# Small Red Devil Cichlid



## hmbarnes21 (Aug 4, 2011)

I have a small red devil cichlid, she is approximately 1.5 inches long. I have her in a 10 gallon tank right now and she is all by herself. I want to find a tank member for her that she won't kill, which I know is going to be hard. Any suggestions? And I also want to know what I can add to her tank to increase her happiness, so if you could help me that would be great:fish10:


----------



## susankat (Nov 15, 2008)

Get her a bigger tank, I wouldn't put anything else with her in a 10 gal


----------



## hmbarnes21 (Aug 4, 2011)

Could I put any ghost shrimp with her?:fish10:


----------



## pjones (Jun 5, 2011)

If you wanna feed her a snack.


----------



## hmbarnes21 (Aug 4, 2011)

Will she eat them too?

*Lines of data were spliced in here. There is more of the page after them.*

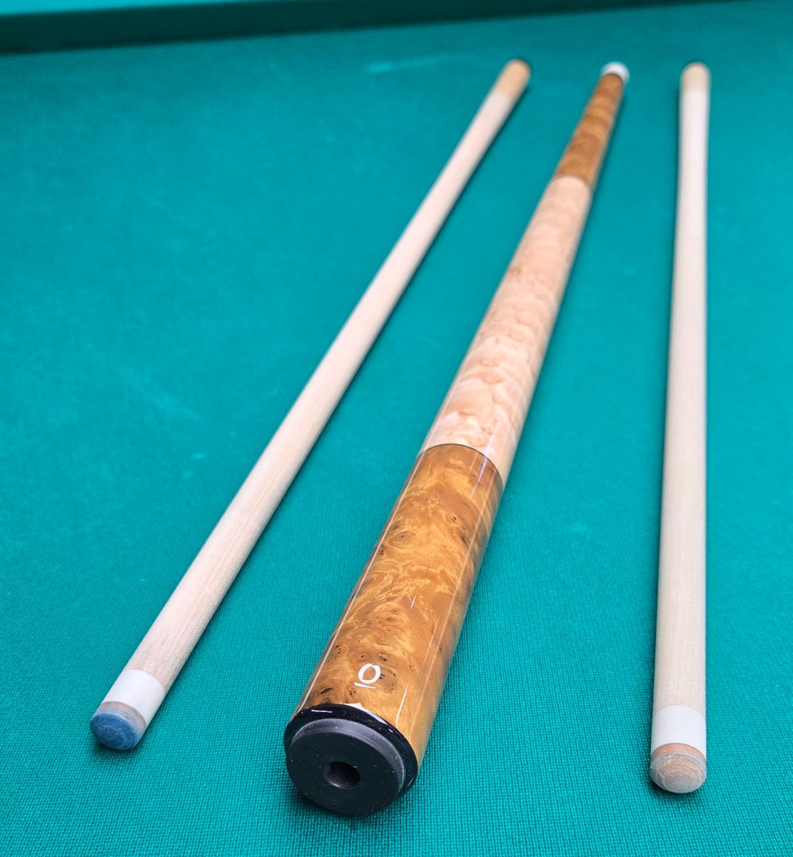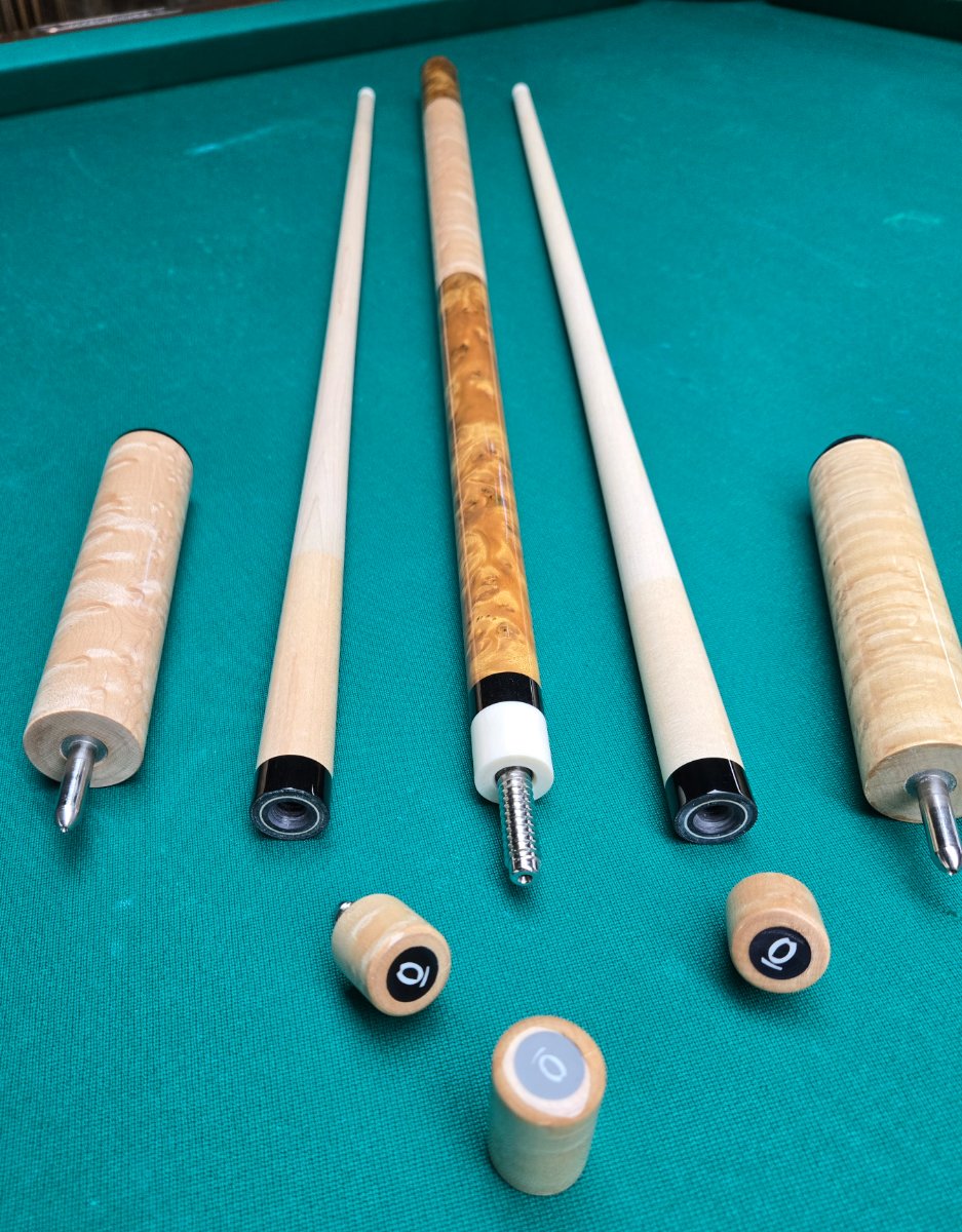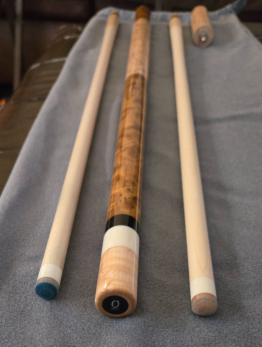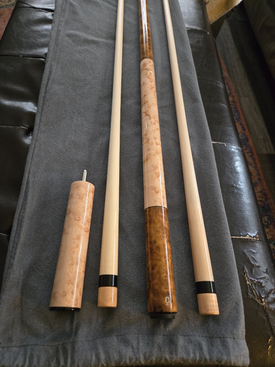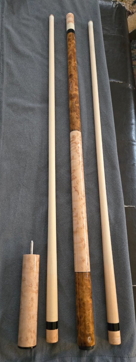 2023 Arthur Queue Camphor Burl MW with Birdseye handle. Ebony rings and butt plate. Supertusk Joint. 3/8-10 Mod. Pin. Shaft #1 was chalked and lightly played. Shaft #2 is unchalked/unplayed. Both shafts, butt, and extension are laser straight, together and apart. No scratches, dents, or finish anomalies. This cue is in mint/collectable condition. It also hits and plays phenomenal.
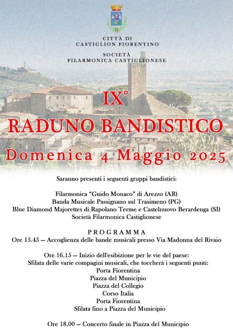 A esibirsi la Filarmonia “Guido Monaco” di Arezzo, la banda Musicale Passignano sul Trasimeno, la “Blue Diamond Majorettes di Rapolano Terme e Castelnuovo Berardenga e la “Società Filarmonica Castiglionese”.
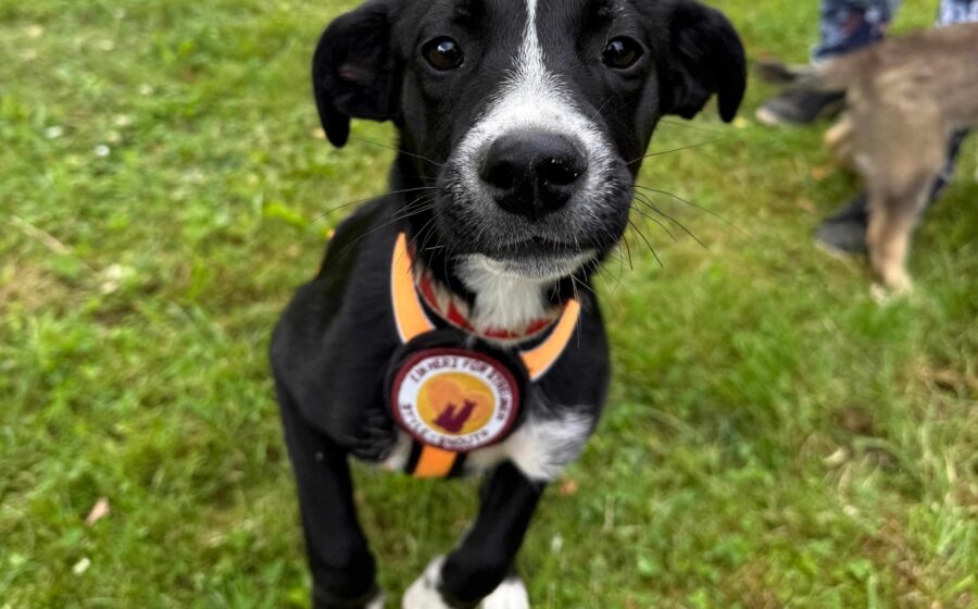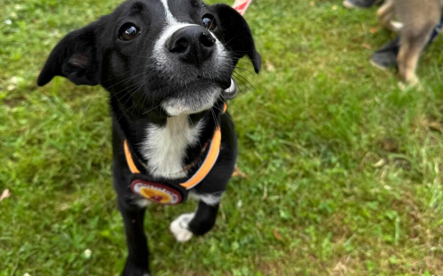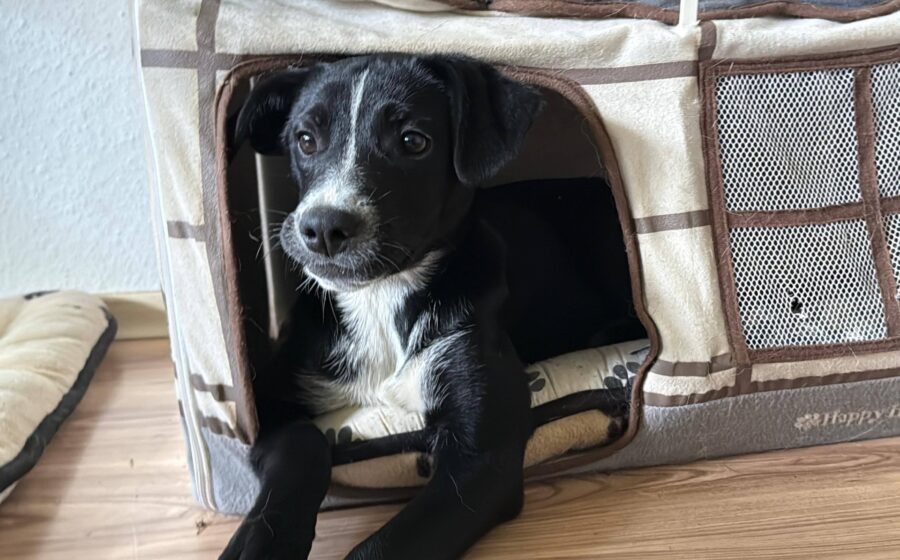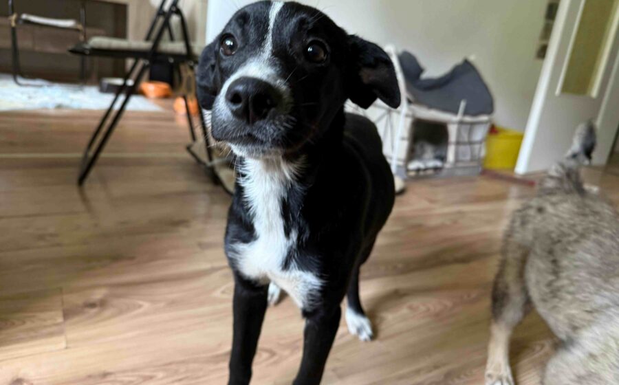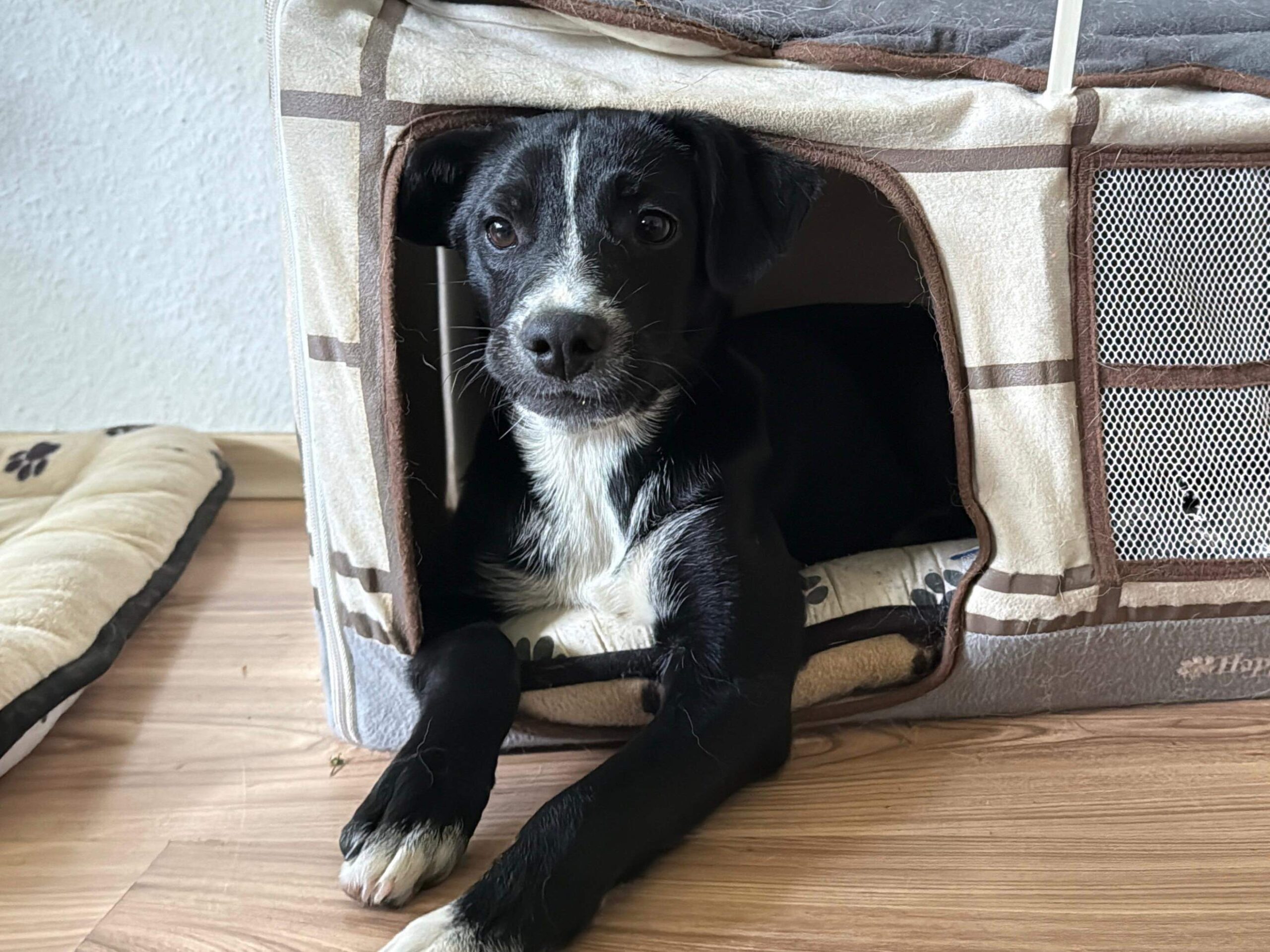 Die junge, schwarze Hundedame mit der weißen Brust- und Gesichtszeichnung reiste aus einer Pflegestelle in Cluj, Rumänien in ihre Pflegestelle nach Witten und hat dort die Herzen im Sturm erobert. Sie ist sensibel, freundlich, sehr verschmust und begegnet Menschen offen und zutraulich. Auch mit anderen Hunden versteht sie sich problemlos – eher so der Typ: „Peace, not drama“.
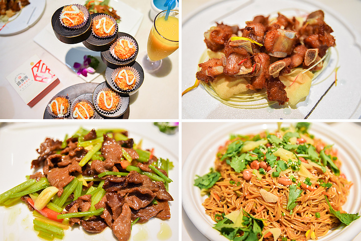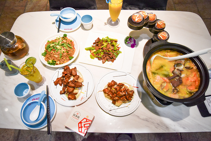 餐厅最近比较热门的菜式,海南必吃海鲜糟粕醋火锅,糟粕醋是海南文昌市铺前镇传统小吃,主要是酒糟发酵醋酸作为汤料,微辣酸甜开胃,再加入虾、贝壳、海菜等菜式,口感更鲜美。尤其是秋冬滋补季,美容养颜的它颇受女性喜爱。孜然海南东山羊小排,海南万宁东山羊,国家农产品地理标志,皮薄肉嫩,无膻味,经过传统方法烹饪后,肥而不腻。而用孜然调味后的羊排,更是外酥里嫩,金黄色,更诱人。步步高升虾球,采用当地海鲜虾肉制成,摆盘造型很别致,趁热食用,味道更佳。海南香芹爆炒黄牛肉,源自五指山的小黄牛,肉质也很嫩。定安黑猪肉排骨,肉质紧实。招牌海南粉,作为特色小吃,也是主食,天气炎热,凉拌更开胃。
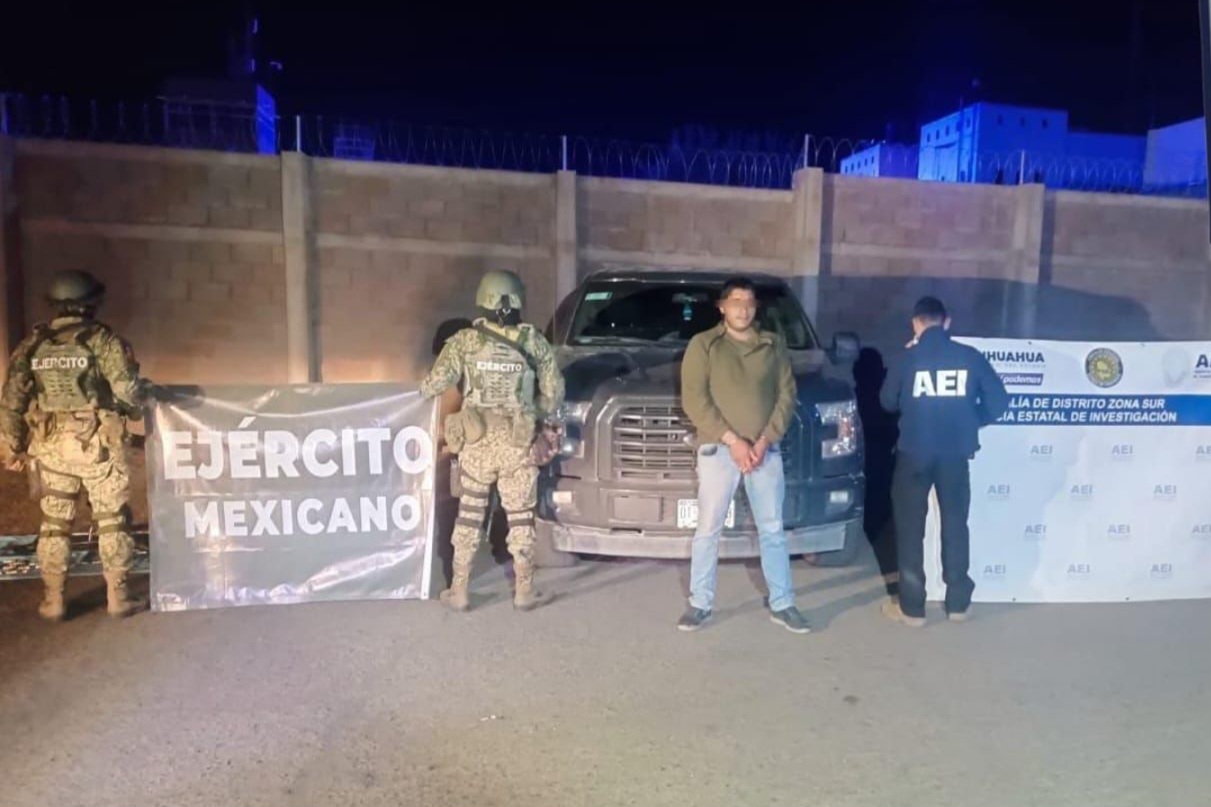 Fue detenido en flagrancia por elementos de la Agencia Estatal de Investigación y Personal del Ejercito Mexicano, cuando circulaba por una brecha del referido municipio, donde le revisaron una pick up de la marca Ford, línea Lobo, modelo 2017, la cual contaba con reporte de robo interpuesto el 18 de junio de 2024.

She's not that big.


----------



## archer772 (Nov 8, 2008)

Sorry to say this but you need to get a BIG tank setup now as they grow fast and if it will fit in her mouth she will eat it and if it doesnt she will just tear it up till she can eat it IMO. Those red devils tend to be very aggresive, grow fast and large.


----------



## hmbarnes21 (Aug 4, 2011)

I've had her for sixth months and she is only 1.5-2 in. When will she starting getting bigger? And will I need to put her in a bigger tank for her to get bigger?


----------



## Pigeonfish (Jun 23, 2011)

hmbarnes21 said:


> I've had her for sixth months and she is only 1.5-2 in. When will she starting getting bigger? And will I need to put her in a bigger tank for her to get bigger?


Yep, if you want her to live healthier and longer.


----------



## susankat (Nov 15, 2008)

Answered this in your other thread on the same fish.


----------